События развивались по известному сценарию. Вначале – письмо от студентов и аспирантов в ректорат и парторганизацию с требованием очистить учебное заведение от марристской заразы. За сим последовали просьба и мягкое увещевание покаяться и отречься. А потом было собрание. Рассматривалось «персональное дело» профессора. Ректор с трогательной интонацией говорил, что его очень огорчил отказ профессора признать свои ошибки, и теперь он вынужден принимать административные меры. Выступающие говорили о профессоре как о преступнике. Ему припомнили и купеческое происхождение, и заступничество за студента, которого хотели исключить за чтение запрещенных книг, и противопоставление себя коллективу, и критические высказывания по адресу научных оппонентов и чрезмерную гордыню, и проч., и проч.
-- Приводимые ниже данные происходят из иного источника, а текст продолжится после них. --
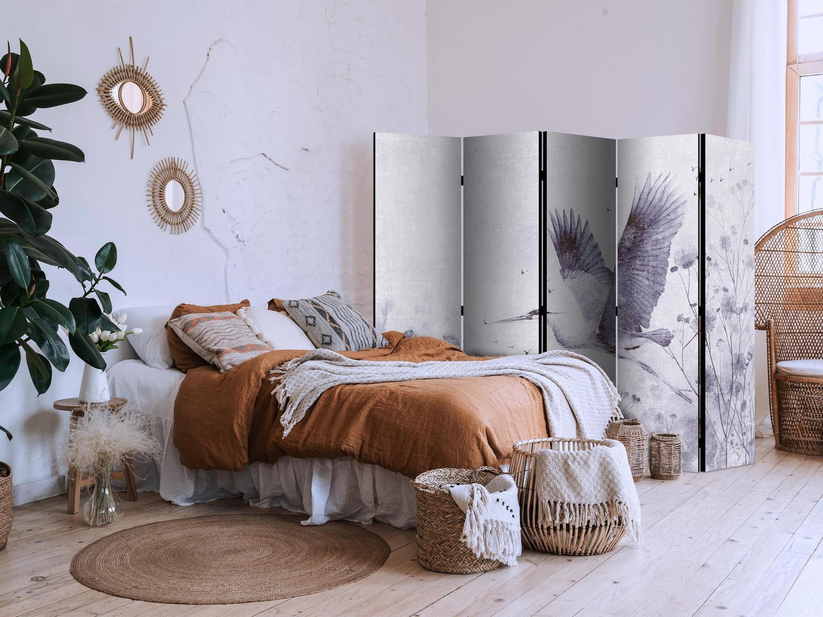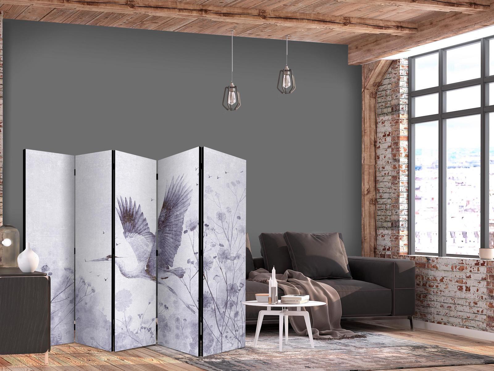 Paravent "Paravent - Majestic flight - a crane in flight in monochrome, cool colours"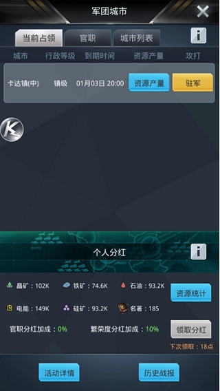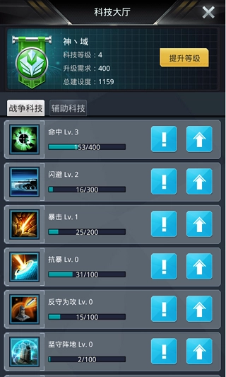 军团科技的提升同样主要依赖捐献,捐献规则和军团主等级一致,每天每种资源捐献2次即可。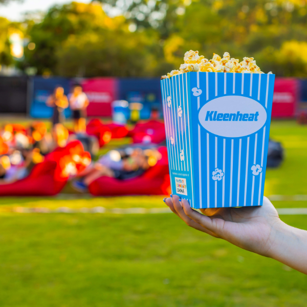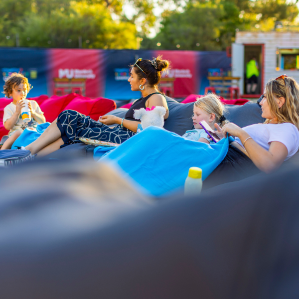 You can bring your own seats or rugs or hire a bean bag lounge. There’s a designated grassed area for different seating heights so all audience members can see the screen.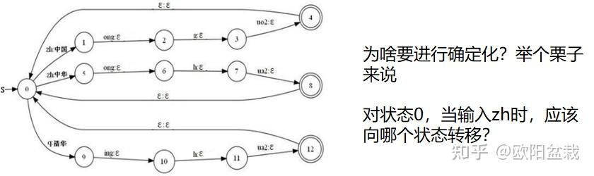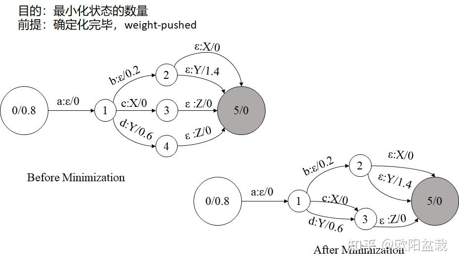 max) 的对应操作变成了取最小值 (min) (Tropical半环的⨁)。 因为较小的负对数权重对应较大的原始概率。WFSA/WFST 确定化 (Determinization) 的核心挑战: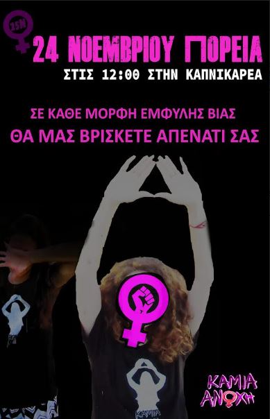 Πορεία στο κέντρο της Αθήνας πραγματοποιήθηκε χτές Σάββατο 24 Νοεμβρίου, κατά της έμφυλης βίας από γυναικείες,φεμινιστικές και lgbtq συλλογικότητες, καθώς και με συμμετοχή της Ομάδας συλλογικών δράσεων και Κοινωνικής Αλληλεγγύης για το 18 ΑΝΩ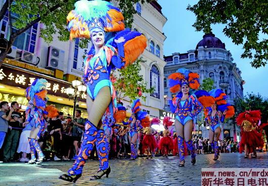 ▲百年老街哈尔滨中央大街上的热舞表演队伍(7月27日摄)。 |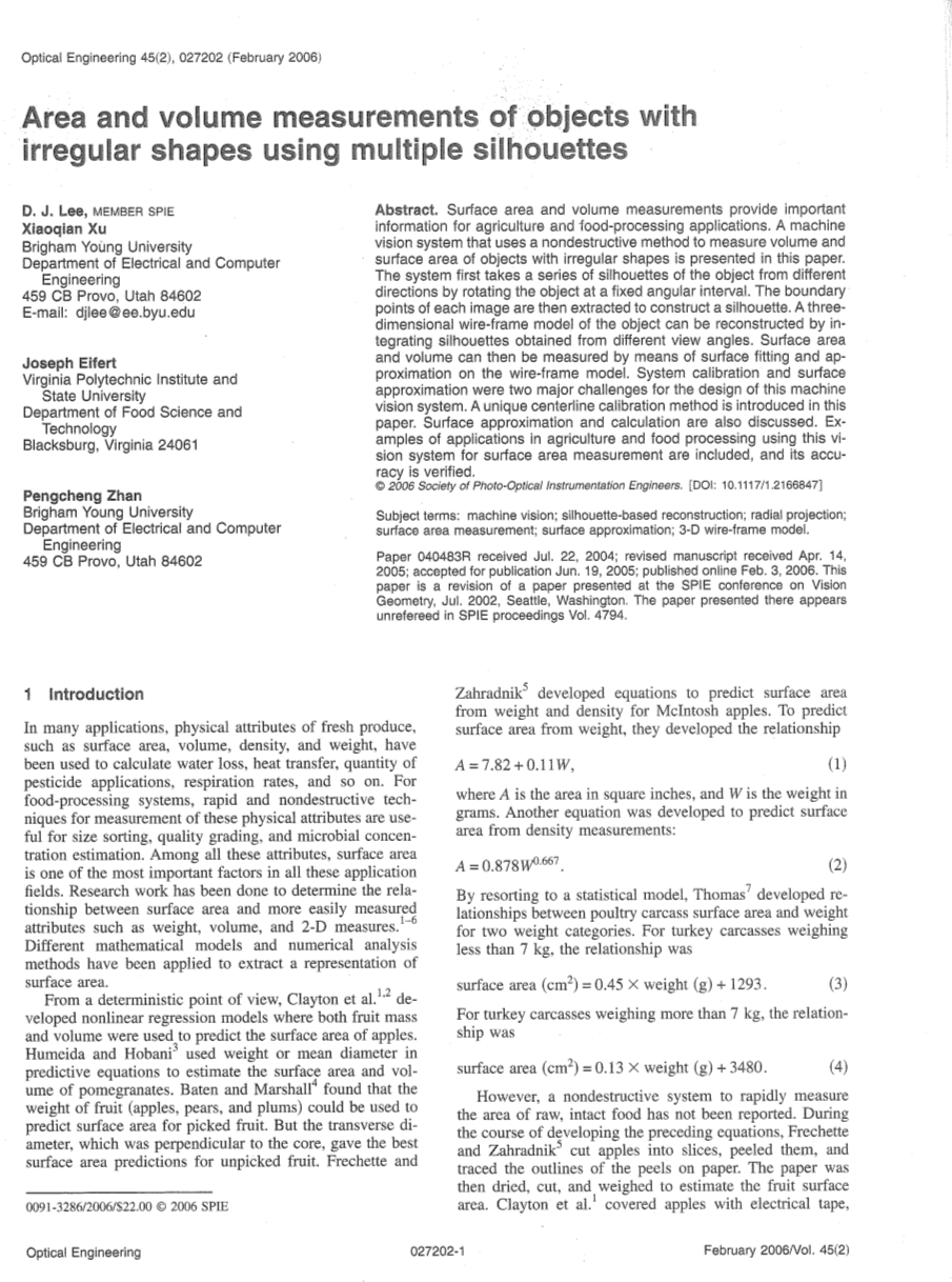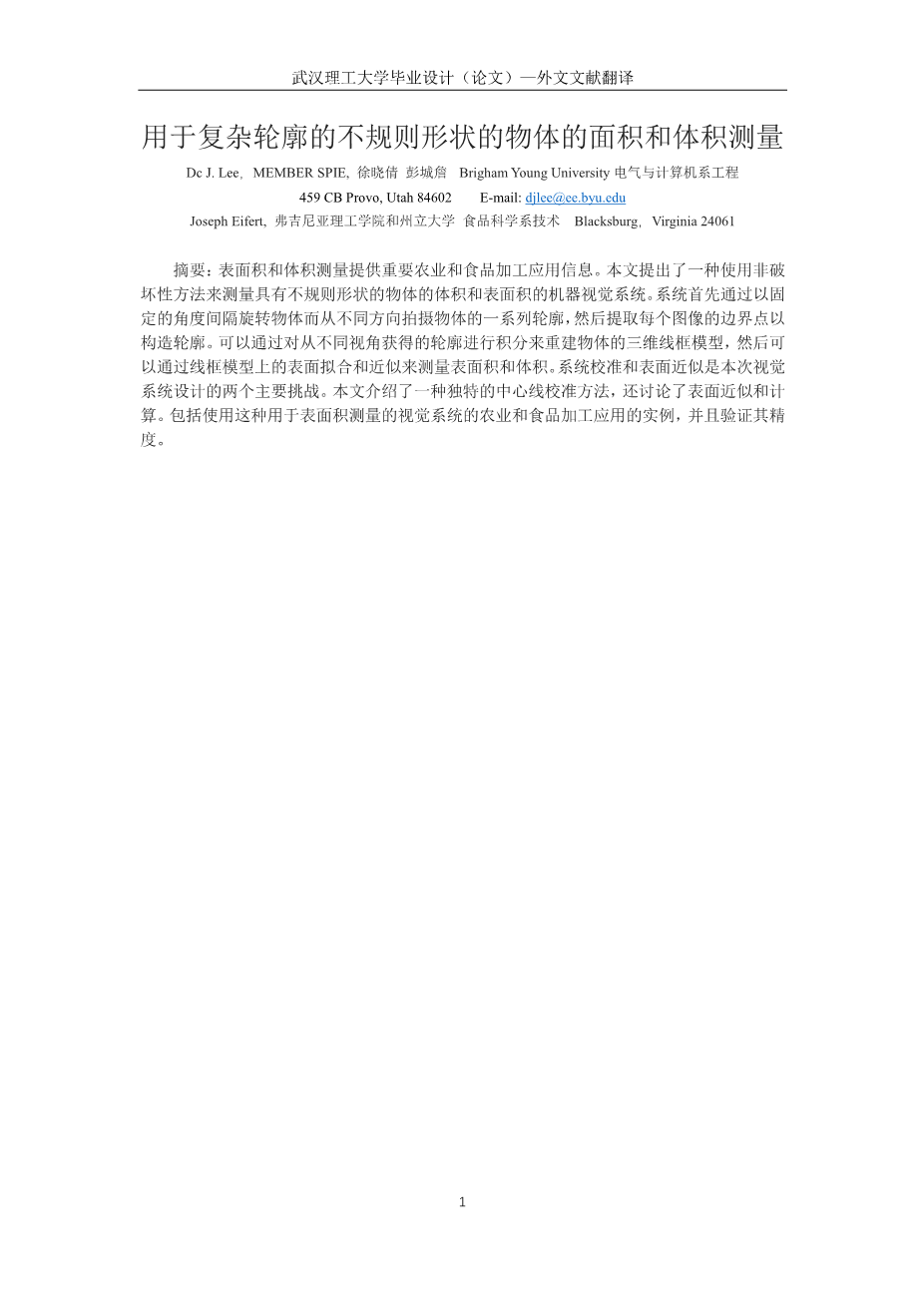 用于复杂轮廓的不规则形状的物体的面积和体积测量外文翻译资料

Спустя годы профессор вспоминал, что то собрание напомнило ему середину тридцатых годов с их подозрительностью, нетерпимостью и ожесточением. Снова звучали призывы наказать и покарать. Даже коллеги и товарищи по кафедре, знавшие его много лет и обязанные ему своим нынешним положением, говорили с сожалением о его безнадежно отсталых научных взглядах, о вреде его научных работ. Но более всего его удивляла враждебность, даже ненависть к нему людей, его прежде не знавших или едва только слышавших о нем. Именно от них исходили агрессия и требование привлечь его к уголовной ответственности, как будто он совершил преступление. В результате, его исключили из партии, а через короткое время отстранили от заведования кафедрой. Но кому-то этого показалось мало. По доносу у него в доме произвели обыск и обнаружили старые материалы незавершенной работы двадцатых годов, когда он работал еще в Ленинграде под руководством Марра над лексикой и фразеологией японского языка. Этого оказалось достаточно, чтобы обвинить его в антисоветской деятельности и шпионаже в пользу Японии. Дело закончилось арестом, судом, лишением ученой степени и звания и тюрьмой. Но, пока карательная машина неспешно вращалась, вождь умер, и еще не доехавший до места отбывания наказания профессор К., однажды лежа на нарах в пересыльной тюрьме, сквозь сон услышал свою фамилию и знакомую команду – «с вещами на выход», означавшую дальнейший этап, а оказавшуюся освобождением. Ценой, заплаченной профессором за свое упрямство, были выбитые передние зубы, потеря работы и пустота вокруг. На прежнюю работу его не взяли, ученую степень и звание не вернули. Он писал заявления, направлял запросы в разные инстанции. В ответ приходили какие-то отписки со ссылками на законы и постановления, но ничего не менялось. Единственным результатом этой бумажной осады государственной бюрократической машины была выхлопотанная скромная пенсия. На этом Дмитрий Николаевич и успокоился. Главной причиной, как он понимал, продолжающейся неофициальной опалы было то, что он не отказался от своих прежних ученых убеждений и по-прежнему считал, что идеи его учителя имеют право на существование, какой бы критике они ни подвергались.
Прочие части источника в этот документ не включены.